Hi,

Thanks for mentioning of the FD, it was default -- 1024. So I set it to a
high value for mogstored, fsd, and lighttpd.
However it didn't seem fix the problem.

I too suspect DB and the storage nodes, because they are centralized
resources that all fsds connect.

Still, I couldn't find anything wrong with the DB or storage nodes. The
status in mogadm check is always "writable" for all nodes.

> Do you have a huge replication queue?

Yes, I'm having about half a million to replicate.
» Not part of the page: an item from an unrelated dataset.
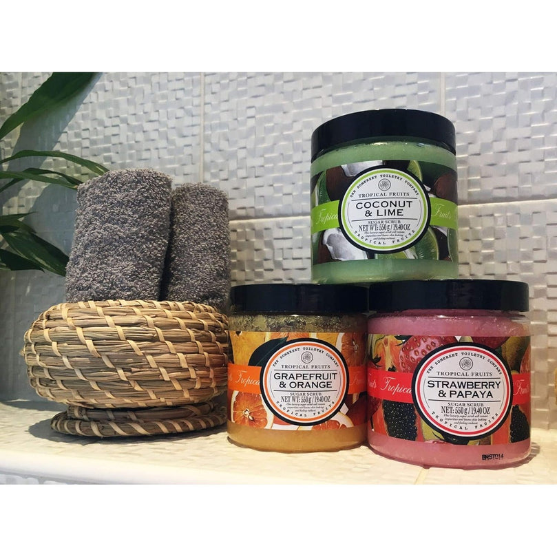 Use Tropical Fruits Sugar Scrub for an invigorating and refreshing wash to give your mind and body a fruity wake up call
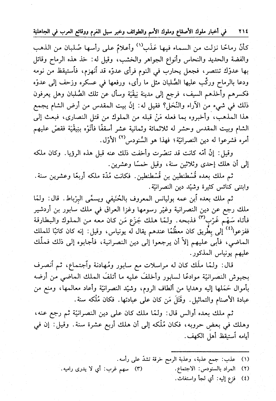كأن رماحاً نزلت من السماء فيها عذب وأعلام على رأسها صلبان من الذهب والفضة والحديد والنحاس وأنواع الجواهر والخشب ، وقيل له : خذ هذه الرماح وقاتل بها عدوك تنتصر ، فجعل يحارب في النوم فرأى عدة قد انهزم ، فاستيقظ من نومه ودعا بالرماح وركب عليها الصلبان مثل ما رأى ، ورفعها في مسكره وزحف إلى عدوة فكسرهم وأخذهم السيف ، فرجع إلى مدينة نيقية وسأل عن تلك الصلبان وهل يعرفون ذلك في شيء من الآراء والنحل ؟ فقيل له : إن بيت المقدس من أرض الشام يجمع هذا المذهب ، وأخبروه بما فعله من قبله من الملوك من قتل النصارى ، فبعث إلى الشام وبيت المقدس وحشر له ثلثمائة وثمانية عشر أسقفا فأتوه بنيقية قفص عليهم أمره فشرعوا له دين النصرانية . فهذا هو السنودس الأول .

Another evidence when I ran those many replicators is, in colo2/colo4
trackers( they don't have replicator or delete running, just
queryworker/listener jobs).
They showed something like these:

[monitor(22673)] Monitor running; scanning usage files
[reaper(22674)] Reaper running; looking for dead devices
Watchdog killing worker 22658 (queryworker)
Child 22824 (queryworker) died: 9 (UNEXPECTED)
Job queryworker has only 34, wants 35, making 1.
[monitor(22673)] dev10: used = 245859688, total = 304629952, writeable = 1
Child 22658 (queryworker) died: 9 (UNEXPECTED)
Job queryworker has only 34, wants 35, making 1.
Watchdog killing worker 22652 (queryworker)
Child 22829 (queryworker) died: 9 (UNEXPECTED)
Job queryworker has only 34, wants 35, making 1.
[monitor(22673)] Monitor running; scanning usage files
[monitor(22673)] dev17: used = 37421628, total = 305723656, writeable = 1
Watchdog killing worker 22651 (queryworker)
Watchdog killing worker 22652 (queryworker)
Watchdog killing worker 22647 (queryworker)
Child 22652 (queryworker) died: 9 (UNEXPECTED)
Job queryworker has only 34, wants 35, making 1.
Watchdog killing worker 22654 (queryworker)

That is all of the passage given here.